* _Task details_
What you give must be the lines from the one containing "区では、緑豊かな美しい街並み" through the last line of the listing below, exactly, with nothing else and no pictures.

—————

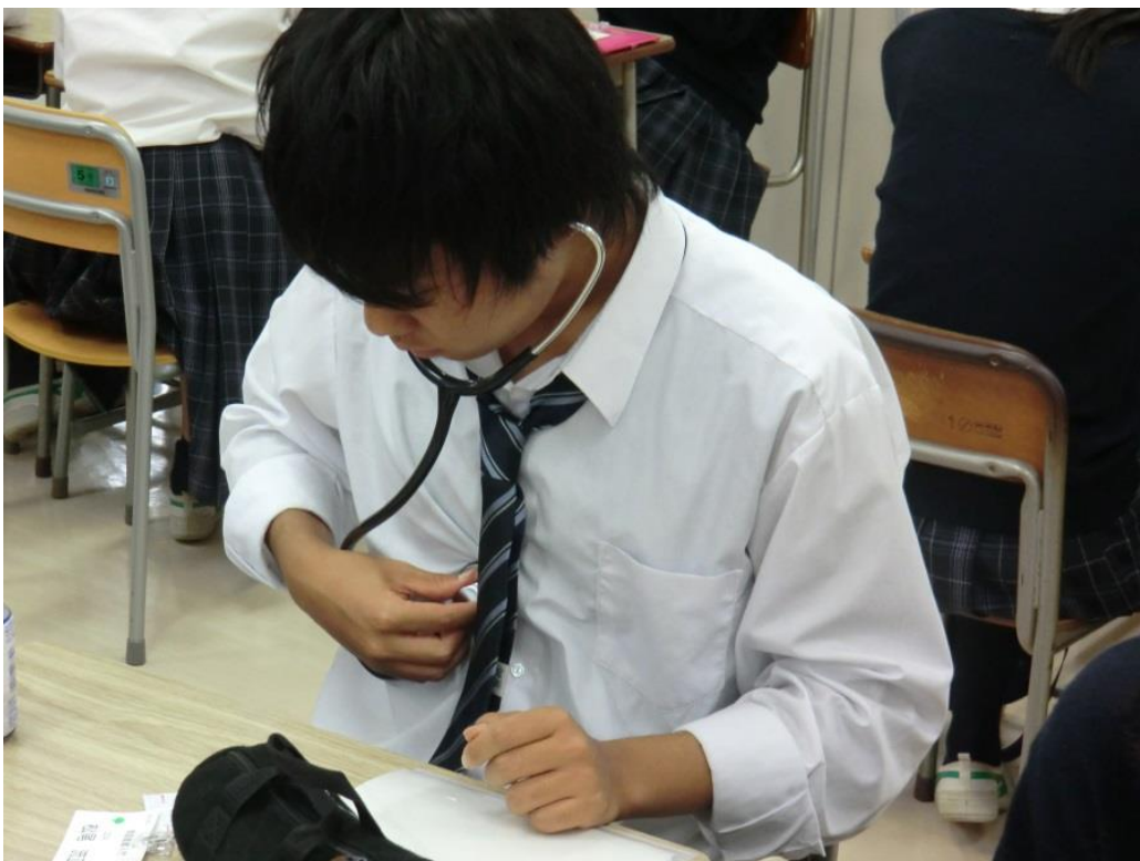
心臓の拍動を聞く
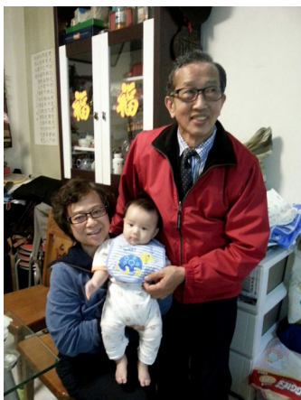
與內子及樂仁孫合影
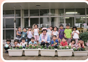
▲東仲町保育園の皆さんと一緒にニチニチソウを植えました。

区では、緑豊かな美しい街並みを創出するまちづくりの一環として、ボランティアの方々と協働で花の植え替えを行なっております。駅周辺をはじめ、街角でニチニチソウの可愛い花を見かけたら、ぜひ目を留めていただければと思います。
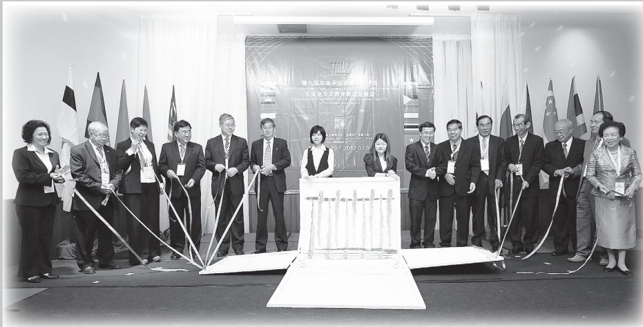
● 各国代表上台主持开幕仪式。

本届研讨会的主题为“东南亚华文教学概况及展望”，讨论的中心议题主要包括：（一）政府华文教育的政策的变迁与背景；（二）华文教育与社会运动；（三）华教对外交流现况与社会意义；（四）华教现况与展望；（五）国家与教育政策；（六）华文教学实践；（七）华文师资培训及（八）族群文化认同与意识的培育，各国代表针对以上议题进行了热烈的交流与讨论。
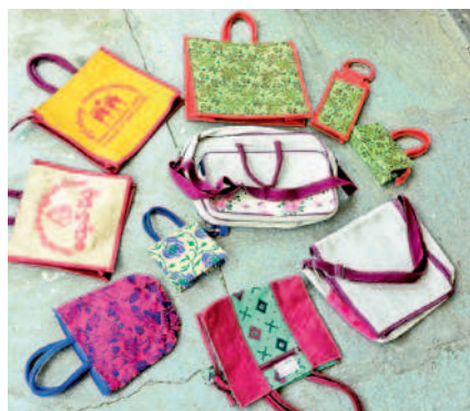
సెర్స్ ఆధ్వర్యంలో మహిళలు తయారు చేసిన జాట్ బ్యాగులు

—————

* _Result of this exercise_
区では、緑豊かな美しい街並みを創出するまちづくりの一環として、ボランティアの方々と協働で花の植え替えを行なっております。駅周辺をはじめ、街角でニチニチソウの可愛い花を見かけたら、ぜひ目を留めていただければと思います。
● 各国代表上台主持开幕仪式。

本届研讨会的主题为“东南亚华文教学概况及展望”，讨论的中心议题主要包括：（一）政府华文教育的政策的变迁与背景；（二）华文教育与社会运动；（三）华教对外交流现况与社会意义；（四）华教现况与展望；（五）国家与教育政策；（六）华文教学实践；（七）华文师资培训及（八）族群文化认同与意识的培育，各国代表针对以上议题进行了热烈的交流与讨论。
సెర్స్ ఆధ్వర్యంలో మహిళలు తయారు చేసిన జాట్ బ్యాగులు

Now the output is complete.